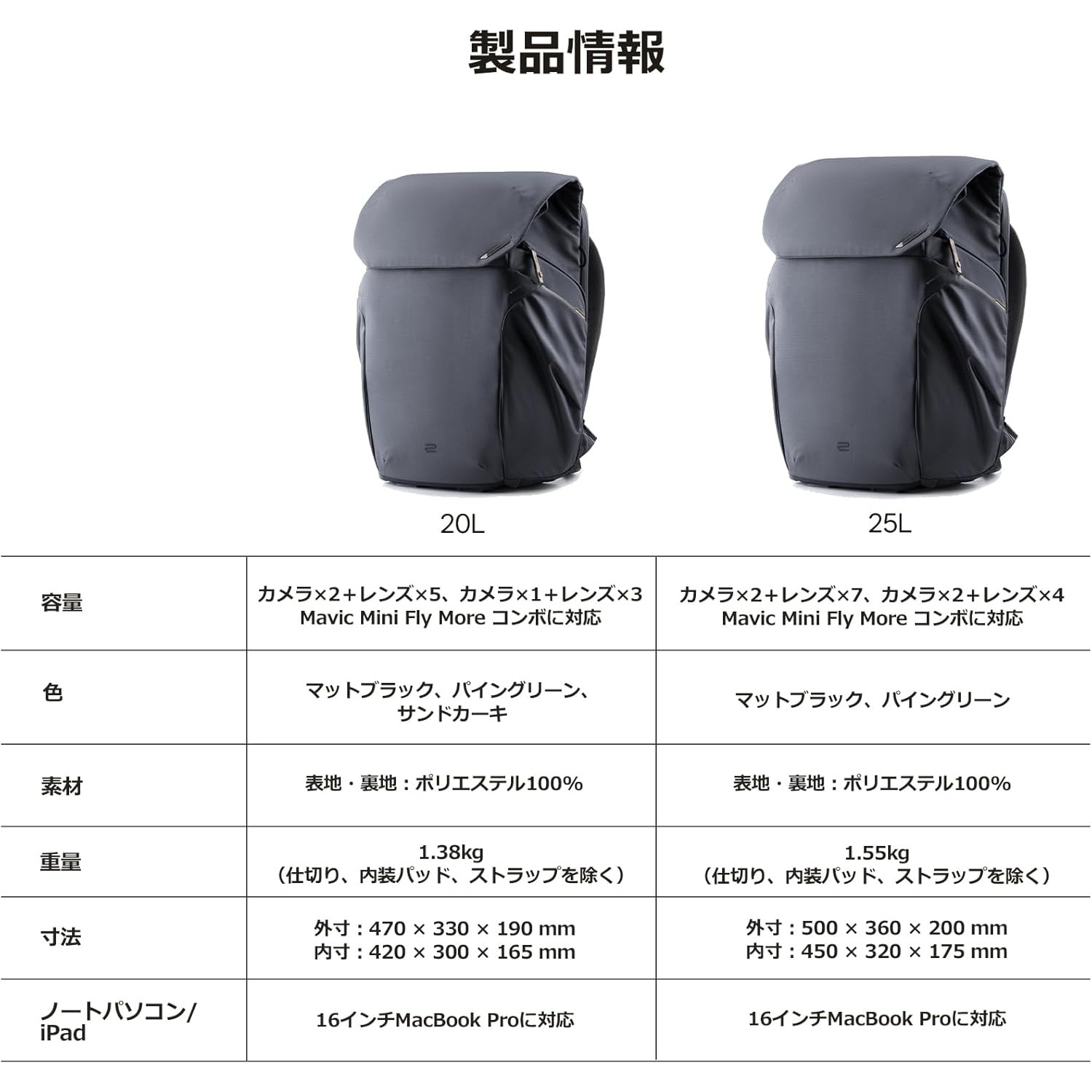 PGYTECH OneGo 2 BackPack ワンゴー2 バックパック マットブラック 25L カメラバッグ ビジネスバッグ 旅行 スタイリッシュ 軽量 男性 父 彼氏 父の日
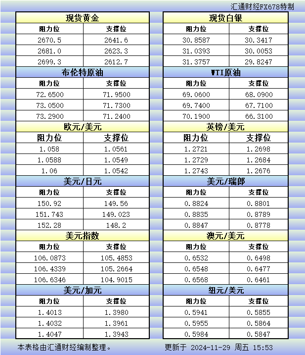 11月29日欧市更新的支撑阻力:金银原油+美元指数等八大货币对
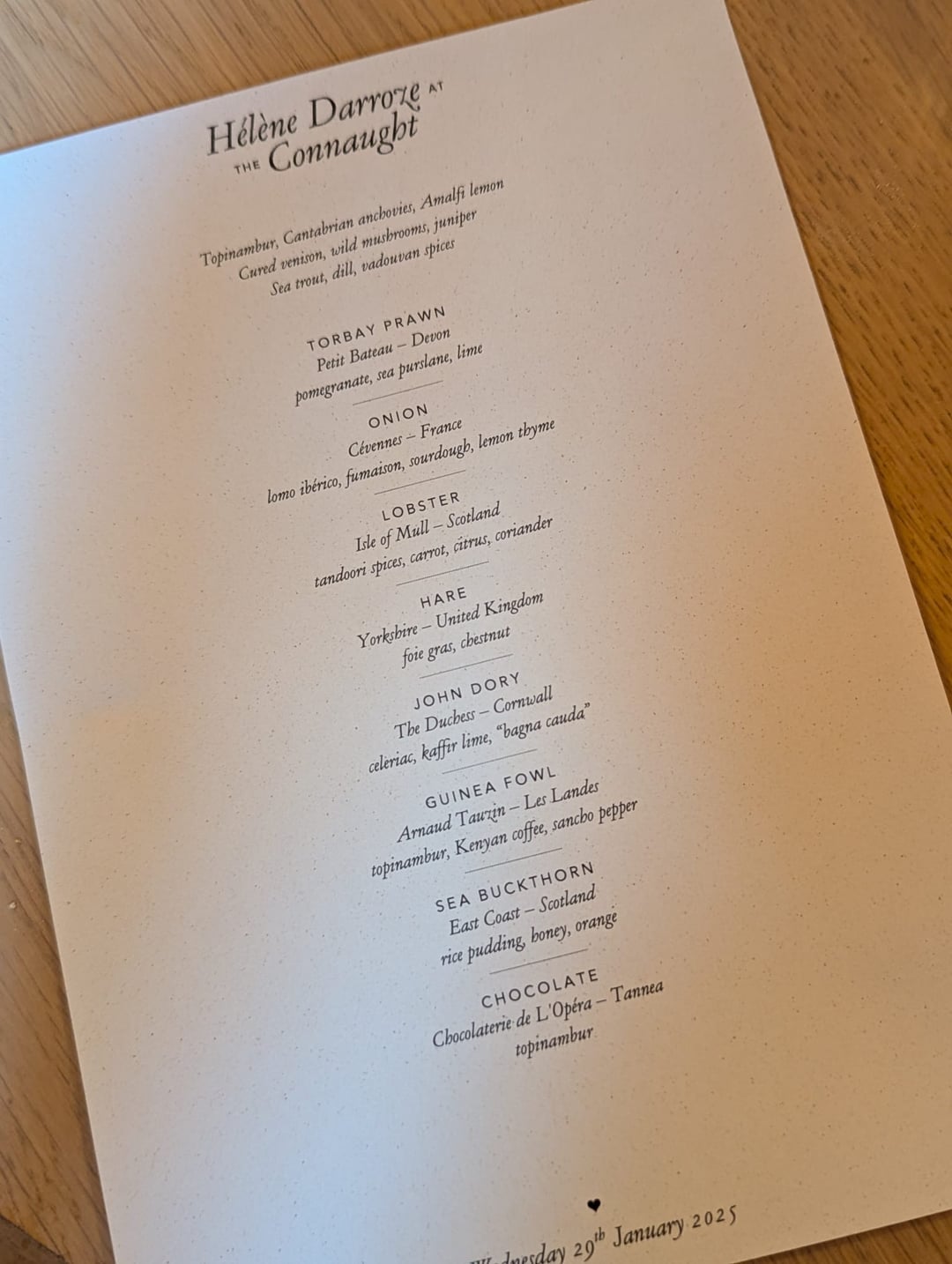 So funny story, we were looking to go somewhere fancy for a pricey but "reasonable" lunch and saw that Helena Darroze had a table for the £125 for 3 courses. This ticked all the boxes but when we turned up the 3 course menu wasn't offered so we sucked it up and went for the full tasting menu. When in Rome and luckily a decent bonus meant we could swallow it. In the end, everything was amazing except the price. I don't think the experience is so much better here to warrant the extra £££ over the 1 stars i have been to but incredible meal

* EXERCISE OBJECTIVE:
From the line that contains "11月29日欧市更新的支撑阻力:金银原油+美元指数等八大货币对" through the last line of the listing, copy each line exactly; both end lines stay in, and pictures stay out.

* ANSWER FOR THIS EXERCISE:
 11月29日欧市更新的支撑阻力:金银原油+美元指数等八大货币对
 So funny story, we were looking to go somewhere fancy for a pricey but "reasonable" lunch and saw that Helena Darroze had a table for the £125 for 3 courses. This ticked all the boxes but when we turned up the 3 course menu wasn't offered so we sucked it up and went for the full tasting menu. When in Rome and luckily a decent bonus meant we could swallow it. In the end, everything was amazing except the price. I don't think the experience is so much better here to warrant the extra £££ over the 1 stars i have been to but incredible meal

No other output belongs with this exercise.